== Record excerpts

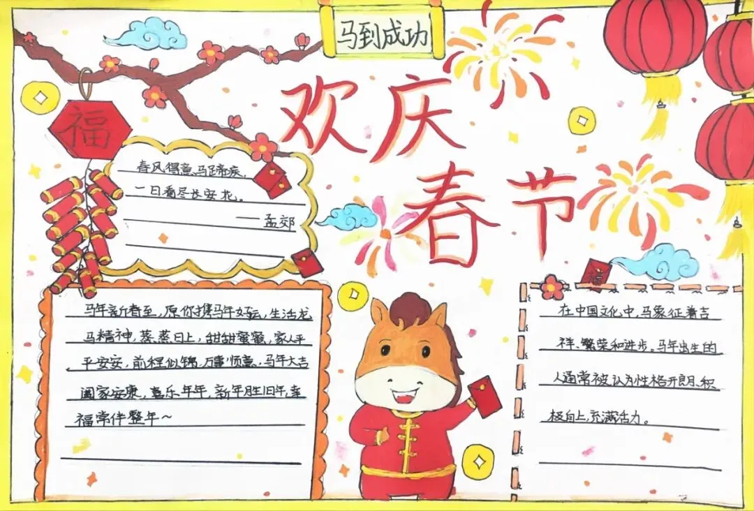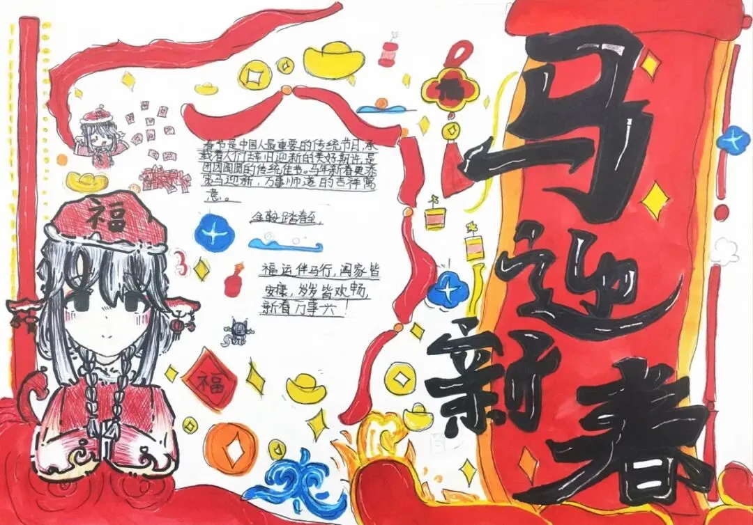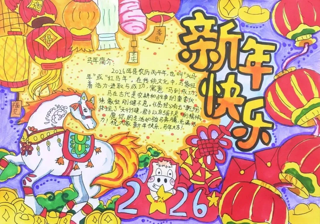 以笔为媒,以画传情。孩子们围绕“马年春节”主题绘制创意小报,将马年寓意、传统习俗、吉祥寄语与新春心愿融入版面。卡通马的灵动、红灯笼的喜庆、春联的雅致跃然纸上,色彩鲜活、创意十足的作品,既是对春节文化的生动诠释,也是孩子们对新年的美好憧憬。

====
== Record excerpts

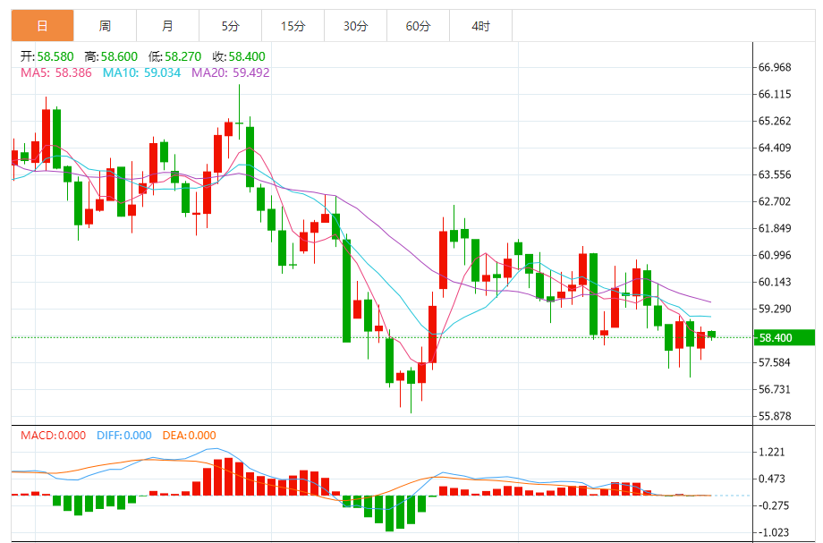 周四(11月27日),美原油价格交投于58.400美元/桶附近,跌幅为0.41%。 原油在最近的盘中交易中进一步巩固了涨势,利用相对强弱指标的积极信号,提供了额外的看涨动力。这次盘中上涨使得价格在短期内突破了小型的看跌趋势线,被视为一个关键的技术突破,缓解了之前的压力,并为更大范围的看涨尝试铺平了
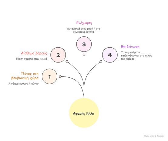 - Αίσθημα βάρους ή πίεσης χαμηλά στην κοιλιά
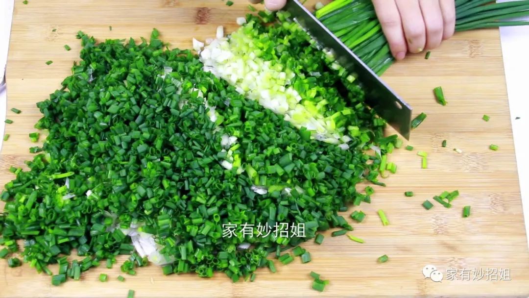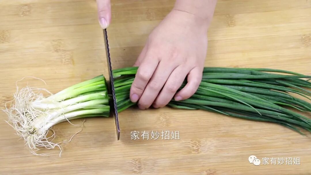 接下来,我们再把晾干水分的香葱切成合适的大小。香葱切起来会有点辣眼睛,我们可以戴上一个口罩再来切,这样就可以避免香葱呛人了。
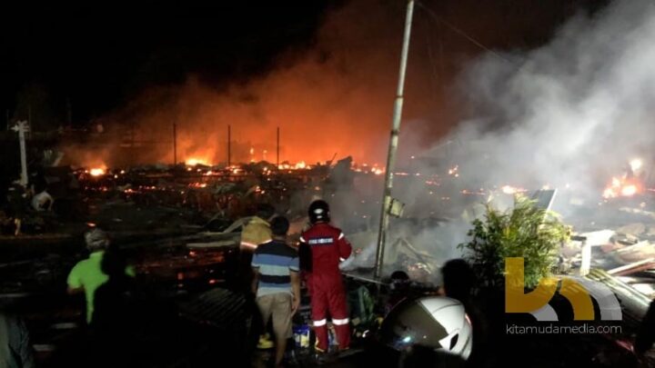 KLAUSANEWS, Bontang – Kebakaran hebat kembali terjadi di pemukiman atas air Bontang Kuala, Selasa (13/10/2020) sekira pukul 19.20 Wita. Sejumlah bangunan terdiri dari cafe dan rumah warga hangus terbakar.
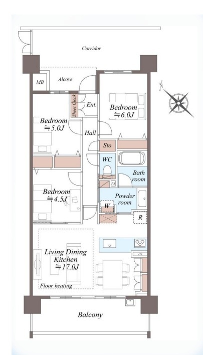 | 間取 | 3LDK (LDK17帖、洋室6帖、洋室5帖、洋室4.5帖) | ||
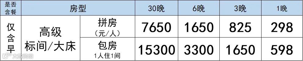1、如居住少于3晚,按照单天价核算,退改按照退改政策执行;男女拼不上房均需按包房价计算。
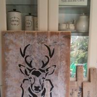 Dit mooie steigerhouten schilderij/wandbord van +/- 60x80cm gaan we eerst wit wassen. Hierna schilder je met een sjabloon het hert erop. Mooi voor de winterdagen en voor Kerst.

====

# What you have to do
Look above for the line containing "KLAUSANEWS, Bontang –" and the line containing "Dit mooie steigerhouten", then reproduce both and everything between them exactly, pictures omitted.

# Solution for this problem
 KLAUSANEWS, Bontang – Kebakaran hebat kembali terjadi di pemukiman atas air Bontang Kuala, Selasa (13/10/2020) sekira pukul 19.20 Wita. Sejumlah bangunan terdiri dari cafe dan rumah warga hangus terbakar.
 | 間取 | 3LDK (LDK17帖、洋室6帖、洋室5帖、洋室4.5帖) | ||
1、如居住少于3晚,按照单天价核算,退改按照退改政策执行;男女拼不上房均需按包房价计算。
 Dit mooie steigerhouten schilderij/wandbord van +/- 60x80cm gaan we eerst wit wassen. Hierna schilder je met een sjabloon het hert erop. Mooi voor de winterdagen en voor Kerst.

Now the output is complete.